Four long years of planning later, I clasped hands with the lead shipwright, Silas, as we stepped off of the S.V. Rainbringer, the newest addition to our kingdom’s fleet. It was the largest voyager built to date, enough to fit two hundred crew members and twice as many passengers, and boasted massive canvas sails capable of covering half of the royal castle.

In normal situations, such large sails would have been useless, too heavy for any winds to pick up. But our kingdom had a Rainbringer. A very talented one, in fact.

“Thank you for the help, Sir Damien.”

“You’re always welcome, Silas. And thank you for this amazing ship.”

“Are you sure about this, Damien?” Father scratched his beard, either thoughtful or doubtful. Or both. “It’s quite the journey to the East.”

“I’ll be fine, Father,” I laughed, slipping behind him and massaging his shoulders. At eighteen, I had reached his height; now, two years after that, I stood a head taller than him. “Or are you doubting your own son?”

Father cleared his throat, shoulders tensed as though he were thoroughly distressed. He ran his fingers over the buttons of his coat. “You’re just like her, Damien. The way you stop at nothing until you get what you want.
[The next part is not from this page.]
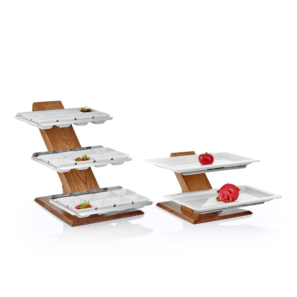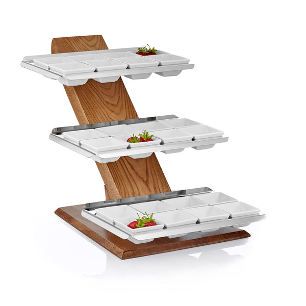 The Shelf Sea 3 Floor 24 Slot Wooden presentation stand is designed for showcasing a variety of items such as cheese, salami, pastries, yogurt, jams, and olives in open buffets. Constructed with a sturdy wooden body and stainless steel shelves, this stand is both functional and stylish. It offers a choice of Titanium PVD Coating in gold, copper, or rainbow colors for added elegance.

You got the expedition approved; do you really have to go on it?”

“It’s just a few months, Father.”

“A few months without rain.” Father ran his fingers through his unkempt amber hair, now streaked with gray, giving a ragged exhale of resignation.

I glanced at him before peering up at the sky, where the barest traces of clouds were beginning to form. “That’s what you think, but you’ll be wrong in three weeks. And then another three after that.”
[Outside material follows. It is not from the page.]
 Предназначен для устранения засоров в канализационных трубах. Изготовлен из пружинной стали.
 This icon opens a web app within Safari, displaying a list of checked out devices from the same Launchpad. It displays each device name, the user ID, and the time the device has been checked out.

Father’s eyes widened as he realized what I was implying. “Damien, are you saying ...?”

“There’s a lot that Rainbringers can do,” I said, looking out where the sky and sea embraced one another, out at the sunrise, my hair blowing about in the light sea breeze. “And even more we still don’t know about.”

Rainbringers didn’t simply bring rain, contrary to common belief. They could also drive it away, as Mother had shown me. But that wasn’t the end. Wind, temperature, humidity; there were so many things Rainbringers could influence, things left undiscovered because no one had tried. “And that’s why we’re going to the East.”
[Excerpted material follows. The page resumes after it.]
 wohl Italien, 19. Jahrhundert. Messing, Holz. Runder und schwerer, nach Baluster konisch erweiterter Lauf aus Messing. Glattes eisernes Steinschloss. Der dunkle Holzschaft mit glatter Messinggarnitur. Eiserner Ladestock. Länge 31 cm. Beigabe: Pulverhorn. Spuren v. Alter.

The plan was to slip them away, unnoticed, before any sacrifices could be made, and bring them to the West, where they could live as normal people––or even revered as Rainbringers, instead of the Cursed. The decision would be up to them. I was going to stop the sacrifices to save them and give them that choice. The way that Mother had saved and given me that choice. She didn’t want me to lose my childhood the way she had lost it in the past, so she compromised––a compromise that came at the cost of her life.

She traded my freedom for her life and left me with memories, in the townspeople and in the rain, to keep me company even when she was gone. And she did.

In the rain, I had mourned the loss of Mother. In the rain, I found her again. And in the rain, I had become what she wanted me to be.

Her prince, her blessing, her little Rainbringer.